Carbon content of trade
Nature Climate Change
2012년9월24일

Global carbon emissions levels might not decrease with the use of policies limiting exports of goods with high carbon content, reports research in Nature Climate Change this week.
Experts have previously measured the level of carbon embodied in traded goods and found that most emerging economies, such as China, are actually net exporters of carbon. They often suggest taxing the carbon content of goods at the borders to limit emissions offshoring, but Robert Marschinski and Michael Jakob challenge such proposals. Trade theory assumes that trading goods is equivalent to trading their production factors.
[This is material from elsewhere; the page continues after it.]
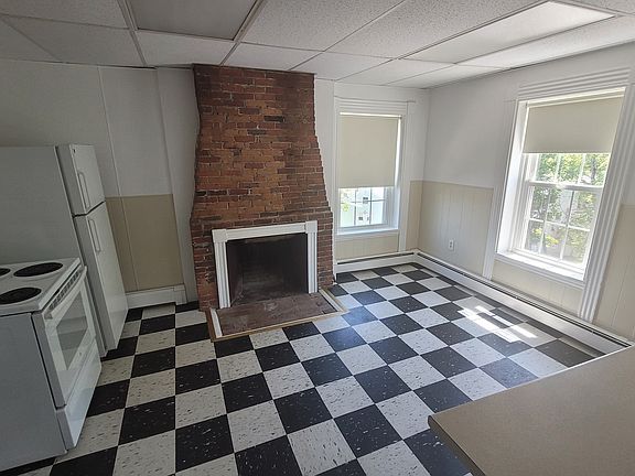 Spacious 3rd floor 1 bedroom in 4 story Brick walk up. Each room has 9 foot ceilings. Unit has living room, 1 large bedroom plus has small office or walk in closet off of the BR, full bath and large eat in kitchen which has exposed brick fireplace for nice asethic. Price is $1300 for 1 person or $1375 for double occupancy with heat, water, sewer, snow and lawn included. Also has coin op w/d in building and spacious parking area with 1 off street parking spot available and 2nd spot could be available if needed. Great location walking distance to downtown, on bus route and close to all Bangor offers. Available Now! Visit RentBangor. com

For example, if the production of goods requires a certain amount of fossil fuels, trading those goods is calculated as equivalent to trading the associated carbon emissions, or production factor. The theory then suggests that a country benefiting from a cheap supply of fossil fuels would have a relative advantage over others in the production of goods with high carbon content, assuming equal fossil-fuel productivity across countries. Taxing the carbon content of its exports should therefore curb fossil-fuel use and ultimately emissions. However, the authors report that in reality countries use production factors differently - a result of different technologies or institutional quality. They therefore conclude that production factors (carbon) embodied in a country’s exports and those in its imports - from a trade partner - are two quantities with no common basis, and their comparison to identify net exporters/importers of carbon emissions requires caution.